LSS 4067

Observation data Epoch J2000 Equinox ICRS
- Constellation: Scorpius
- Right ascension: 17^{h} 19^{m} 05.548^{s}
- Declination: −29° 43′ 41.20″
- Apparent magnitude (V): 11.44

Characteristics
- Spectral type: O4.5Ifpe
- U−B color index: +0.37
- B−V color index: +1.49
- V−R color index: +1.28

Astrometry
- Radial velocity (R_{v}): −51.0 km/s
- Proper motion (μ): RA: −2.5 mas/yr Dec.: −6.6 mas/yr
- Distance: 9,500–12,700 ly (2,900–3,900 pc)
- Absolute magnitude (M_{V}): −6.335

Details
- Mass: 120 M_{☉}
- Radius: 18.65^{[citation needed]} R_{☉}
- Luminosity: 802,000 L_{☉}
- Surface gravity (log g): 3.61 cgs
- Temperature: 40,000 K
- Rotational velocity (v sin i): <107 km/s
- Age: 1.10 Myr
- Other designations: LS 4067, CD−38°11748, Hen 3-1374, HM 1 VB 4, TYC 7870-896-1, 2MASS J17190554-3848496

Database references
- SIMBAD: data

= LSS 4067 =

O-type blue supergiant star

LSS 4067, also known as CD−38°11748, is an O-type blue supergiant star located in the constellation Scorpius, very close to the galactic plane. It is part of the open cluster HM 1, although its distance is not well known; it may be anywhere between 9,500 and 12,700 light years (2900 to 3900 parsecs) away from the Earth. Despite being a blue supergiant, it is extremely reddened by interstellar extinction, so its apparent magnitude is brighter for longer-wavelength passbands. Without the extinction, it is estimated that LS 4067 would be 5.8 magnitudes brighter, a naked eye star with an apparent magnitude of 5.3.

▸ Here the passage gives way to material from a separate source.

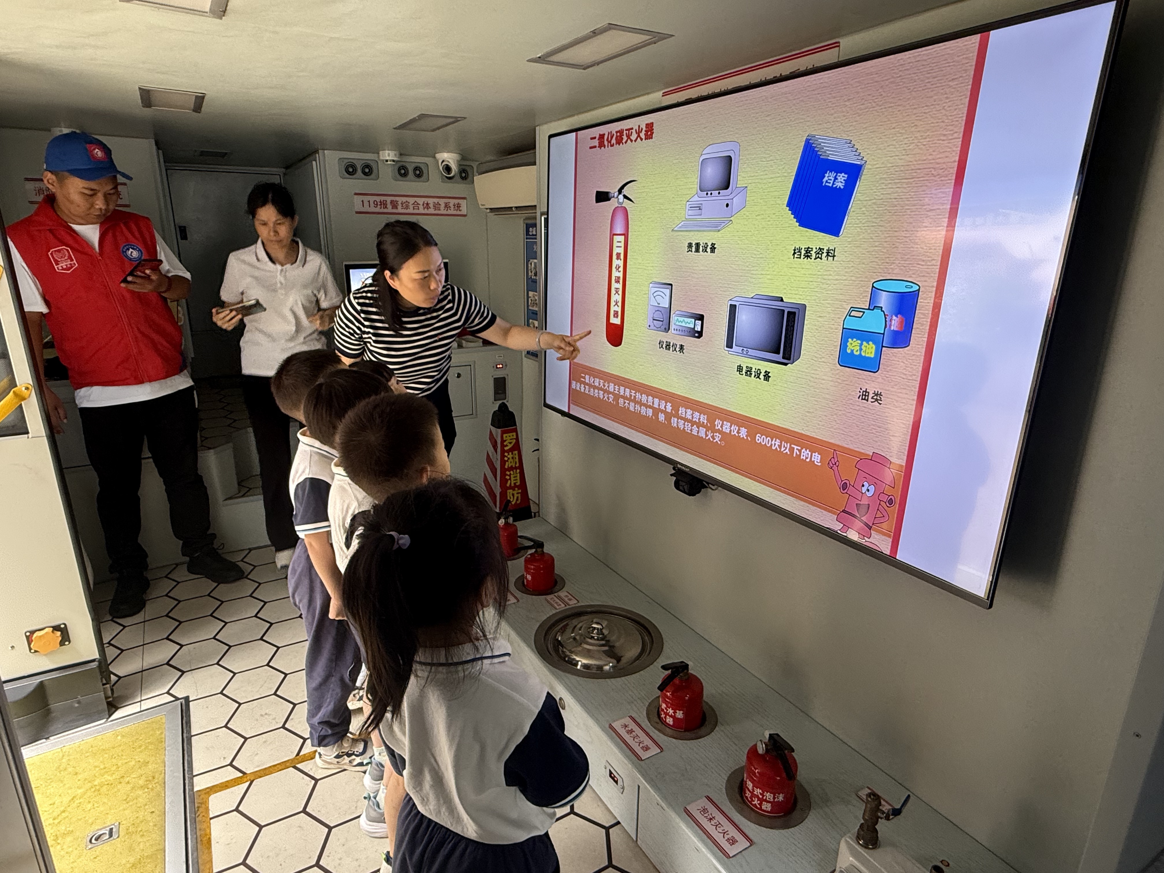 活动伊始,专业讲解员登上巴士,用生动形象的语言和活泼有趣的互动方式,为孩子们开启了消防安全知识的大门。讲解员从火灾的成因、危害讲起,深入浅出地介绍了日常生活中常见的火灾隐患,如电线老化、乱扔烟头、易燃物品堆放不当等,并教导孩子们如何及时发现和消除这些隐患。孩子们听得聚精会神,不时举手提问,讲解员都耐心地一一解答,现场气氛热烈而活跃。

Although the Gaia Data Release 2 parallax for LS 4067 is negative, a likely distance can be calculated from it. The star is thought to be between 8,202 and 14,084 pc away, statistically most likely at 10,170 pc. It was catalogued as a member of the faint cluster Havlen-Moffat No. 1, but is no longer thought to be a member. The cluster lies about 3,300 pc.

LSS 4067 has an absolute bolometric magnitude of −11.4, making it one of the most luminous stars known. Indeed, many of the hottest and most luminous stars known are O-type supergiants, or Wolf-Rayet stars. LSS 4067 has an unusual spectrum, with various emission lines including N III and He II emission lines, thus the "f" in its spectral type. Because of this unusual spectrum, classifying the star or deducing its properties has proved relatively difficult: for example, the effective temperature is predicted to be too cool and the surface gravity too high.